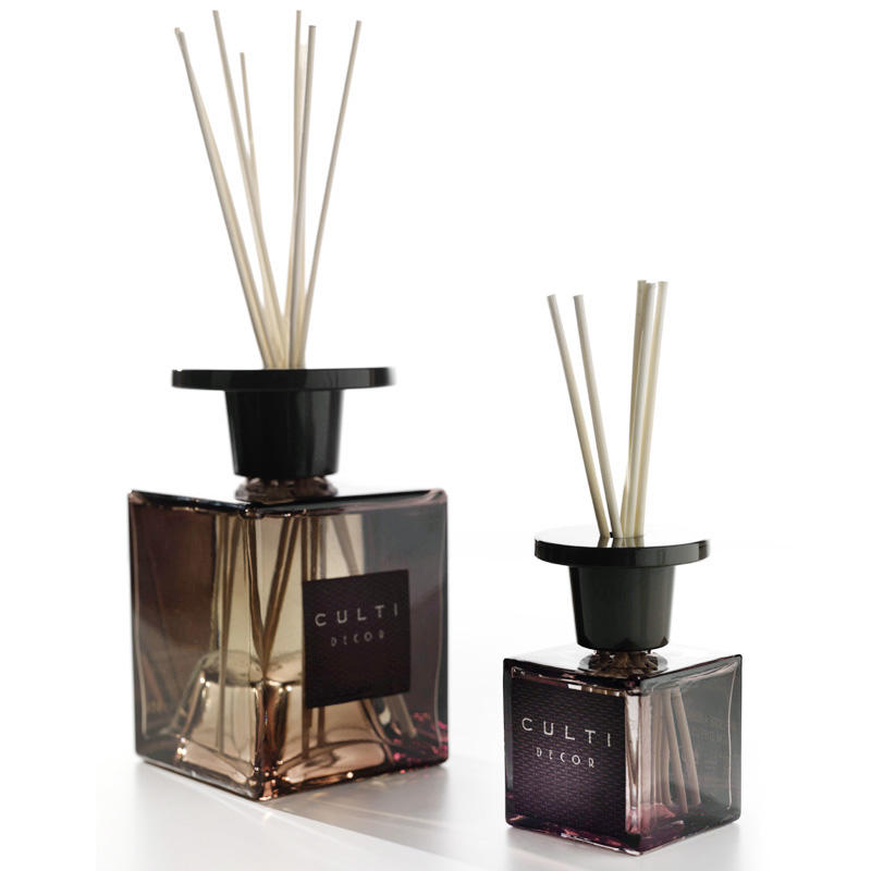 CULTI jest marką założoną w 1990 roku przez Alessandro Agrati. W szybkim tempie zyskała szerokie grono wielbicieli, dzięki wyjątkowej i luksusowej kolekcji perfum dla domu. Delikatne, subtelne, pobudzające zmysły zapachy inspirowane są czterema żywiołami: Powietrzem, Ogniem, Wodą i Ziemią. W showroomie DADO DESIGN dostępna jest seria DECOR, która kryje w sobie delikatne, śródziemnomorskie zapachy, podkreślone drzewem cytrusowym oraz nutą pomarańczy. Wykreują niepowtarzalną atmosferę w Twoim domu i pobudzą zmysły. Substancje zapachowe uwalniane są wolno i stopniowo, dzięki czemu jeden flakonik starcza na 4 – 6 miesięcy, w zależności od wielkości dyfuzora. Wszystkie zapachy tworzone są przez włoskich rzemieślników, według tradycyjnej, włoskiej sztuki perfumeryjnej.
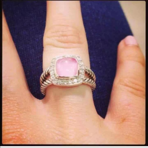 Size 5. Petite Albion ring with rose quartz and diamonds. Authentic. Sold out. In perfect condition. Comes with box. Originally $825. Recently cleaned and inspected for loose gems at David Yurman.
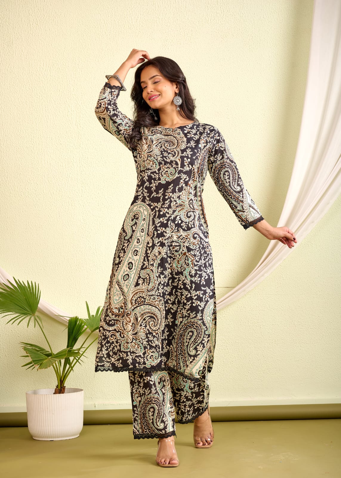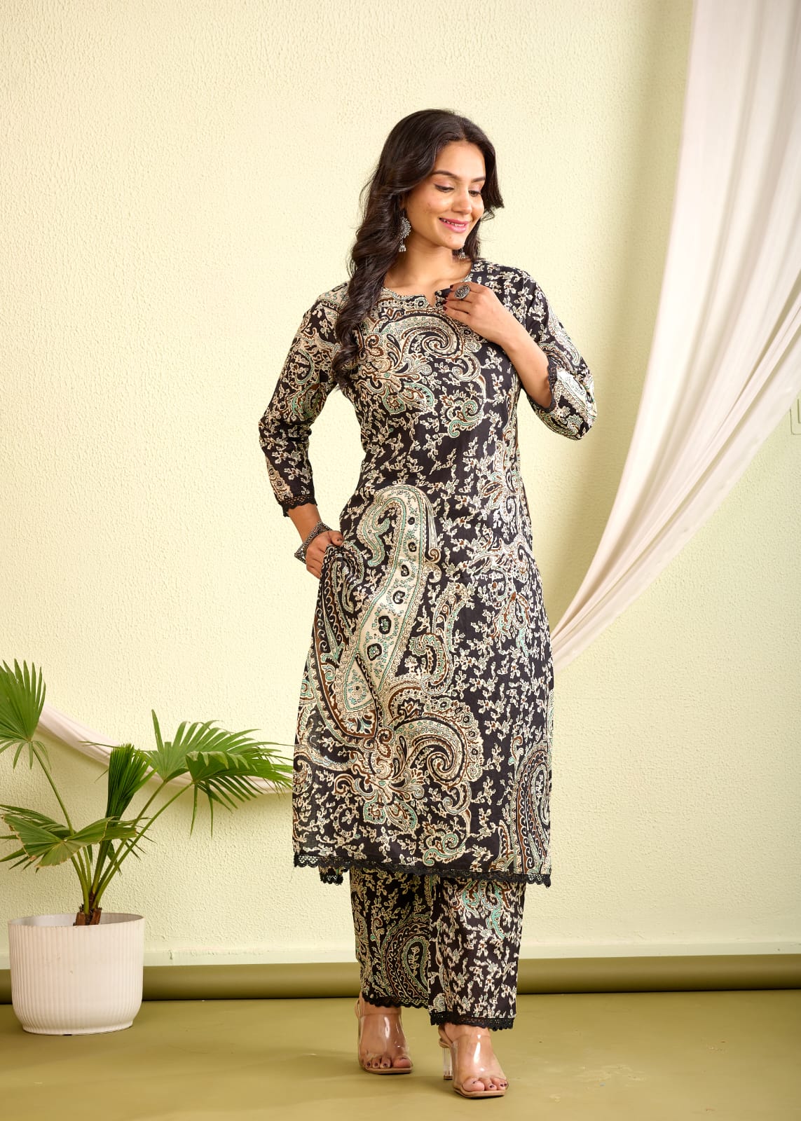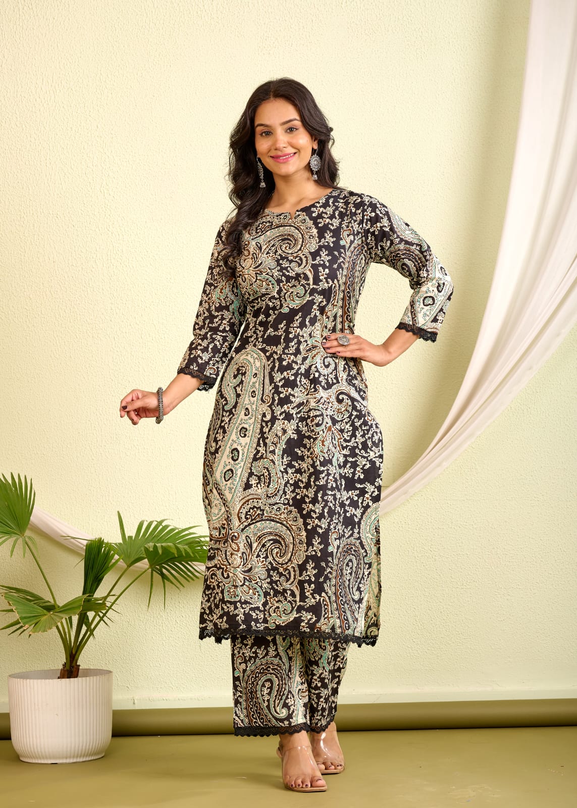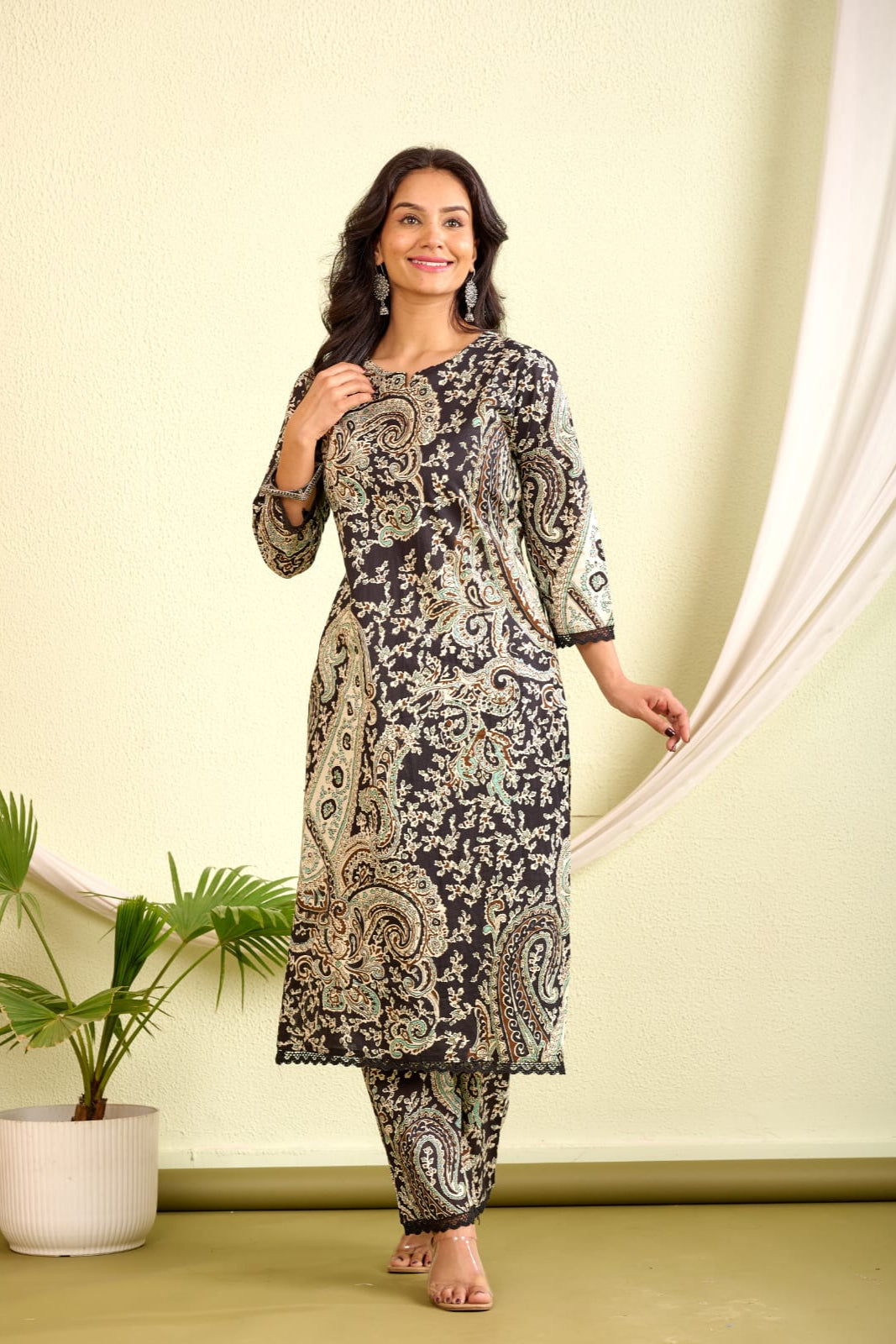 Elevate your everyday style with the Indolady Cotton Printed Co-ord Set—a perfect blend of comfort and statement design. This black straight-fit kurta and pant set features delicate handwork on pure cotton fabric, making it ideal for casual chic or workwear looks.

__TASK TO COMPLETE__: Every line above is to be repeated exactly, but no picture is to appear in the copy.

__EXERCISE OUTPUT__:
 CULTI jest marką założoną w 1990 roku przez Alessandro Agrati. W szybkim tempie zyskała szerokie grono wielbicieli, dzięki wyjątkowej i luksusowej kolekcji perfum dla domu. Delikatne, subtelne, pobudzające zmysły zapachy inspirowane są czterema żywiołami: Powietrzem, Ogniem, Wodą i Ziemią. W showroomie DADO DESIGN dostępna jest seria DECOR, która kryje w sobie delikatne, śródziemnomorskie zapachy, podkreślone drzewem cytrusowym oraz nutą pomarańczy. Wykreują niepowtarzalną atmosferę w Twoim domu i pobudzą zmysły. Substancje zapachowe uwalniane są wolno i stopniowo, dzięki czemu jeden flakonik starcza na 4 – 6 miesięcy, w zależności od wielkości dyfuzora. Wszystkie zapachy tworzone są przez włoskich rzemieślników, według tradycyjnej, włoskiej sztuki perfumeryjnej.
 Size 5. Petite Albion ring with rose quartz and diamonds. Authentic. Sold out. In perfect condition. Comes with box. Originally $825. Recently cleaned and inspected for loose gems at David Yurman.
 Elevate your everyday style with the Indolady Cotton Printed Co-ord Set—a perfect blend of comfort and statement design. This black straight-fit kurta and pant set features delicate handwork on pure cotton fabric, making it ideal for casual chic or workwear looks.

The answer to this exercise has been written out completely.